Сергей сидел, опираясь спиной о камень. Приятно было отдыхать и смотреть на горы, на Воронова, как он выбирает веревку по мере приближения своего напарника, мягко, уверенно, методично. Приятно было ни о чем не думать, смотреть и смотреть…

— Подумать только, — услышал Сергей простецкий, беззаботный голос Паши Кокарекина, — стеночку нам подарили. Невинная стеночка, трогали ее, пытались, а не далась. Самыми первыми будем. Не что-нибудь, а первопрохождение!

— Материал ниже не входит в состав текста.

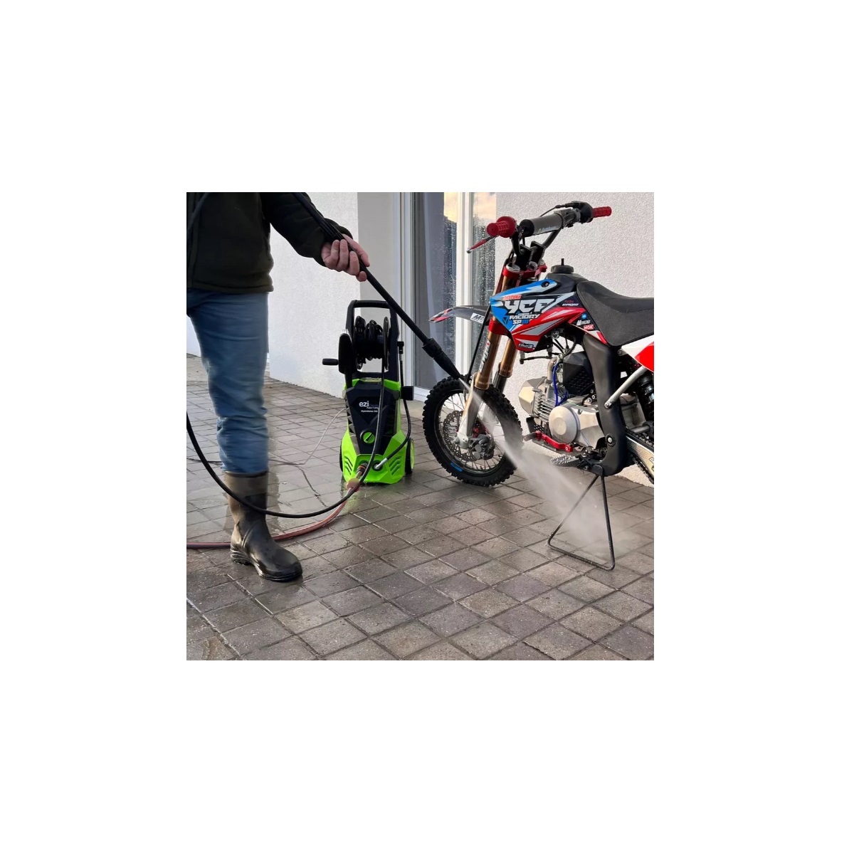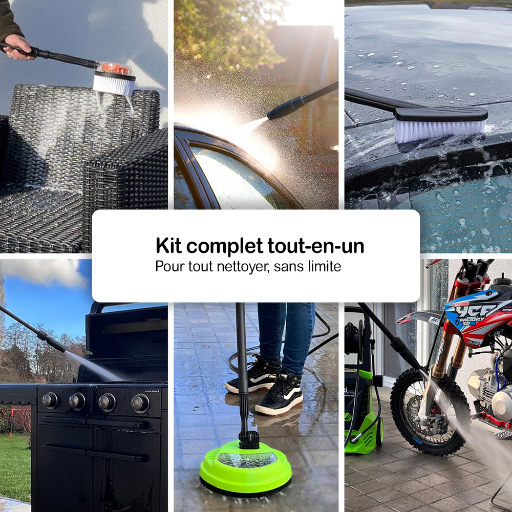 Puissant : usage régulier et intensif Avec ses 165 bars de pression et son moteur de 2200W, nettoyez, décrassez, et redonnez de l'éclat à toutes vos surfaces extérieures. Plus besoin d'insister ou de repasser plusieurs fois au même endroit, sa haute performance vous donne un confort de travail optimal. Équipé d'une cuve en aluminium et d'un flexible haute pression renforcés, il est robuste et parfait pour s'attaquer aux grandes tâches de nettoyage. Polyvalent 12 en 1 Grâce à sa grande accessoirisation, bénéficiez de 12 configurations possibles afin de répondre à tous les besoins de nettoyage de vos extérieurs. En quelques clips, nettoyez vos terrasses, vos gouttières, votre barbecue, votre voiture/moto, vos murs, etc.. Intelligemment conçu Équipé d'un enrouleur avec manivelle, enroulez et déroulez son flexible haute pression en toute simplicité. Sa poignée ergonomique et ses 2 roues latérales, seront des alliés de poids pour l'emmener partout. Son réservoir intégré permet l'ajout de solution nettoyante pour une efficacité accrue. En quelques clips, connectez et déconnectez ses accessoires sans le moindre effort. Turbobuse jet variable et rotabuse 360 La turbo buse à jet variable permet d'adapter la puissance de la haute pression à la surface à nettoyer. Augmenter ou diminuer la puissance en un tour de main, et obtenez un jet haute pression diffus ou précis et concentré. La rotabuse 360* haute pression est idéale pour le nettoyage du métal ou du plastique, le nettoyage des sols, le décapage de la peinture des bois extérieurs et l'élimination de la boue et de l'argile sur les allées. Son jet puissants ajoute une capacité de récurage supplémentaire au processus de nettoyage. Cela permet de nettoyer en profondeur les zones très sales ou très fréquentées. Brosse de lavage Avec ses longs poils souples lavez les véhicules, les roues et les jantes sans aucun risque de rayures. Une fois clipsée, la brosse de lavage est détectée par votre nettoyeur haute pression EZIclean® Hydroforce 165 et la solution nettoyante intégrée dans son réservoir sera automatiquement diluée et propulsée. Dégraissez, enlevez les taches de goudron, éliminez la poussière, les traces de boue, et les insectes collés en quelques instants et sans risque d'endommagement de la surface nettoyée. Brosse rotative La brosse rotative alimente ses engrenages rotatifs en utilisant la pression de l'eau. Elle est composé de poils souples et rigides, doté d'un traitement spécial velours non abrasif, adaptés au lavage des carrosseries de voitures, au lavage des vitres, et plus globalement au lavage des surfaces délicates. Une fois clipsée, la brosse rotative est détectée par votre nettoyeur haute pression EZIclean® Hydroforce 165 et la solution nettoyante intégrée dans son réservoir sera automatiquement diluée et propulsée. La rotation de la brosse permet un nettoyage supérieure des zones sales. Nettoyeur de terrasse Le nettoyeur de terrasses et murs, assure un nettoyage efficace et rapide des moyennes et grandes surfaces grâce à deux buses à jet plat rotatives et à son écartement de 24,5cm. Grâce à la pression des buses sur le sol, il est légèrement poussé vers le haut et flotte au-dessus du sol pour un confort d'utilisation optimale et une efficacité accrue. Nettoyez en quelques minutes vos terrasses en bois, en carrelage, le dallage de vos allées, et toutes les surfaces planes sales et encrassées.

Воронов защитные фильтры на лоб сдвинул, нацепил вместо обычных очков другие, для дали, и рассматривал стену. Ни тени восхищения или хотя бы почтения при виде отвеса в добрую сотню метров. Ему бы англичанином уродиться, характер по расхожим представлениям в самый раз. Паша и прозвища придумывал, а не привилось ни одно. Воронов да Воронов, Александр Борисович и то редко.

— Я вот думаю, кошки-мышки, в распрекрасное времечко мы живем, — продолжал Паша, не желая расстаться с темой, которой и сам прежде сторонился отчасти из внутренней скромности и присущего ему целомудрия, а если затрагивал, так с осторожностью и необходимым пиететом, никогда не позволяя и намека на тот фарс, которым, похоже, упивался теперь. — Можем наслаждаться незагаженными уголками нашей необъятной Родины. Стеночку симпатичненькую невинности лишить. Жора у нас мастак по этой части. — И на Жору внимательнейшим образом, почище, чем Воронов на стену, уставился.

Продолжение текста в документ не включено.